Segment Start: Records for this task
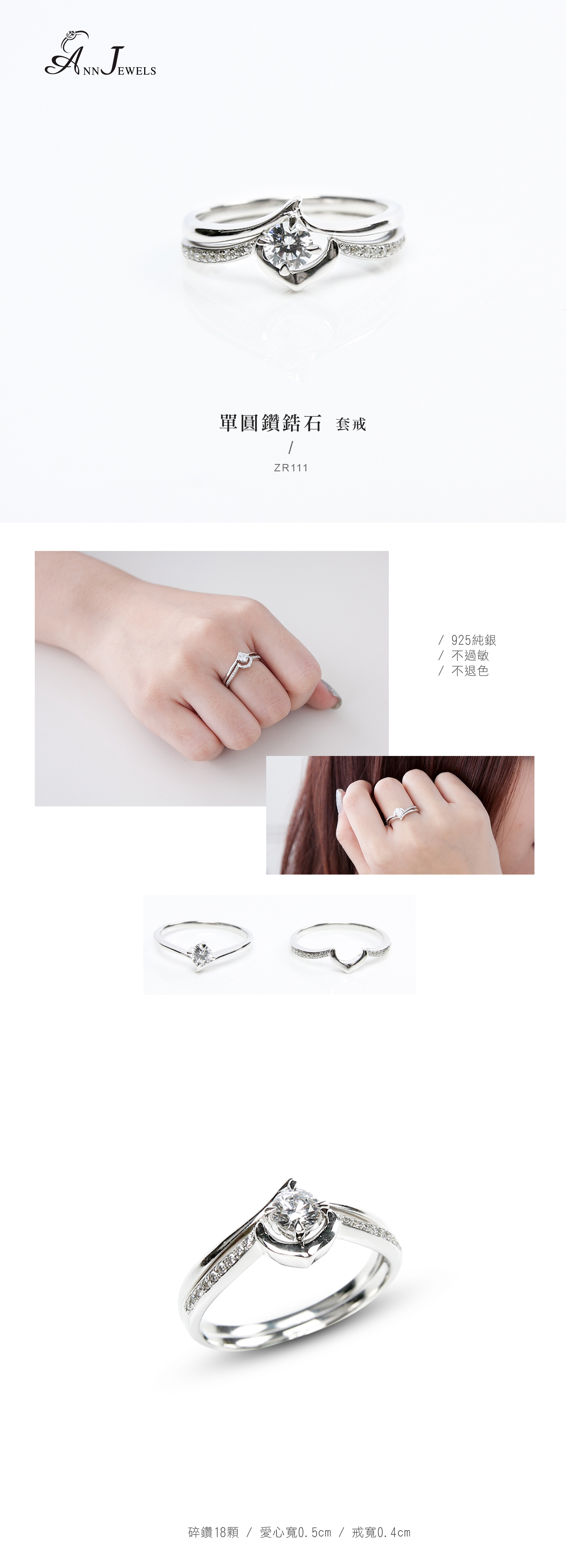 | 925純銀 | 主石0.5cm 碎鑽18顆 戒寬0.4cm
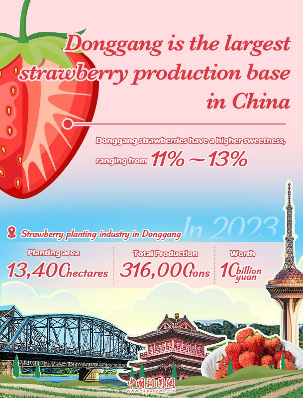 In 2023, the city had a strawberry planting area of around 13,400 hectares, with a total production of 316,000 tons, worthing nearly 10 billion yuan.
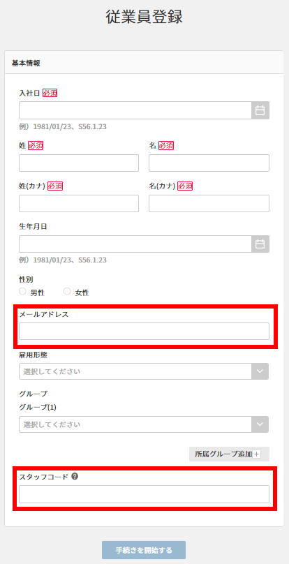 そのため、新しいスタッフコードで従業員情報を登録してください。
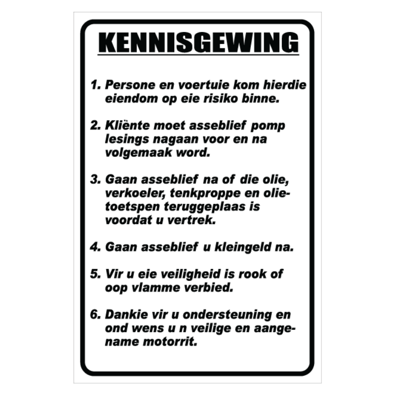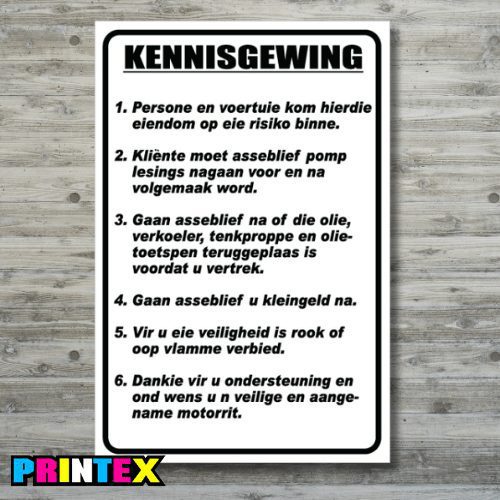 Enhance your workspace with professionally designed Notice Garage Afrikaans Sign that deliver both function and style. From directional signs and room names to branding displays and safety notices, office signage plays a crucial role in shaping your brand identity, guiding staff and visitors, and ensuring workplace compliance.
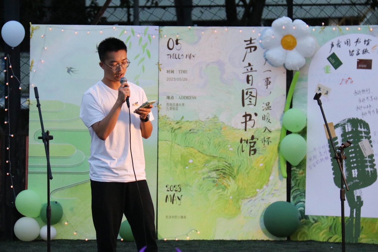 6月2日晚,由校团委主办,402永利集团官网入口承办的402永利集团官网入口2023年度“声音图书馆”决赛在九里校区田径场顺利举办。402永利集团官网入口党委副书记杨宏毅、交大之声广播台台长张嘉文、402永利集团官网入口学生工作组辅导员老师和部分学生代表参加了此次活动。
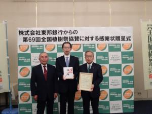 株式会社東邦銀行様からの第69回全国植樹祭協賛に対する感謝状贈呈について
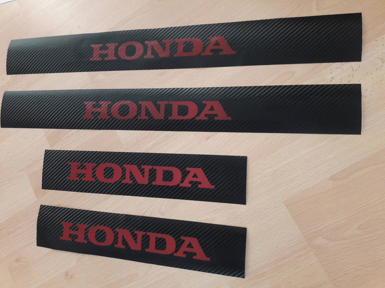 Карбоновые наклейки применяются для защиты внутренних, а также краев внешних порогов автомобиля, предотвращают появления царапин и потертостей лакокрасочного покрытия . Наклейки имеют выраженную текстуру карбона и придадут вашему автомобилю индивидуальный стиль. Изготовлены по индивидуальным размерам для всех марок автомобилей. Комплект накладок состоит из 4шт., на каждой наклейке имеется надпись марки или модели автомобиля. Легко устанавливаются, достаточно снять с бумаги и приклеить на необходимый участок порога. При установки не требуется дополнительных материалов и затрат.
Segment End: Records for this task
Segment Start: Records for this task
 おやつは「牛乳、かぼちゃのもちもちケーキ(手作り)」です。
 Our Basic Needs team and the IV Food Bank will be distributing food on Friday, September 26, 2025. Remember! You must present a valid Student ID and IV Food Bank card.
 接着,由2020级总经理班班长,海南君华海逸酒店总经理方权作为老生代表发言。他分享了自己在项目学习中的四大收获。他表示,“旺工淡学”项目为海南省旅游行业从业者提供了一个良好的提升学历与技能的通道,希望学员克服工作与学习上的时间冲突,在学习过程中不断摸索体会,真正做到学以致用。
Segment End: Records for this task
Segment Start: Records for this task
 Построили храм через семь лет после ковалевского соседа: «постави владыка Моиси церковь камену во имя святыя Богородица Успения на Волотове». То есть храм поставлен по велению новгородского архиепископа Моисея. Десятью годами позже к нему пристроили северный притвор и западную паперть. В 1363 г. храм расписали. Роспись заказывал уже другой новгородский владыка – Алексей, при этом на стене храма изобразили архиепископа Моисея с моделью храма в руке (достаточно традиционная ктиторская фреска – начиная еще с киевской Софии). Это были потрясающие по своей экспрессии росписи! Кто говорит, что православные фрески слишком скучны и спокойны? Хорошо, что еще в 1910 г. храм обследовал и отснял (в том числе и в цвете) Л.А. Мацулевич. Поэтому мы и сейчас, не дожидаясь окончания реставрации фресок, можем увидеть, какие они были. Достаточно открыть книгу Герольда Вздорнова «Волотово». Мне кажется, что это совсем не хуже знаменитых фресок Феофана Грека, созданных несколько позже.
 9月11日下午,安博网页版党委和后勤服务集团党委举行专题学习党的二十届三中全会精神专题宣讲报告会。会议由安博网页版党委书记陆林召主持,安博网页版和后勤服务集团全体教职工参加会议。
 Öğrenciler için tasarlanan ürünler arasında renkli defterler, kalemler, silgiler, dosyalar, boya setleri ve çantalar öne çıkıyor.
Segment End: Records for this task
Work request: Nothing outside the stretch above, from the line with "主石0.5cm 碎鑽18顆 戒寬0.4cm" through the line with "そのため、新しいスタッフコードで従業員情報を登録してください。", is set down. Transcribe that stretch exactly, ends included, but not its pictures.

Solution to this task:
 | 925純銀 | 主石0.5cm 碎鑽18顆 戒寬0.4cm
 In 2023, the city had a strawberry planting area of around 13,400 hectares, with a total production of 316,000 tons, worthing nearly 10 billion yuan.
 そのため、新しいスタッフコードで従業員情報を登録してください。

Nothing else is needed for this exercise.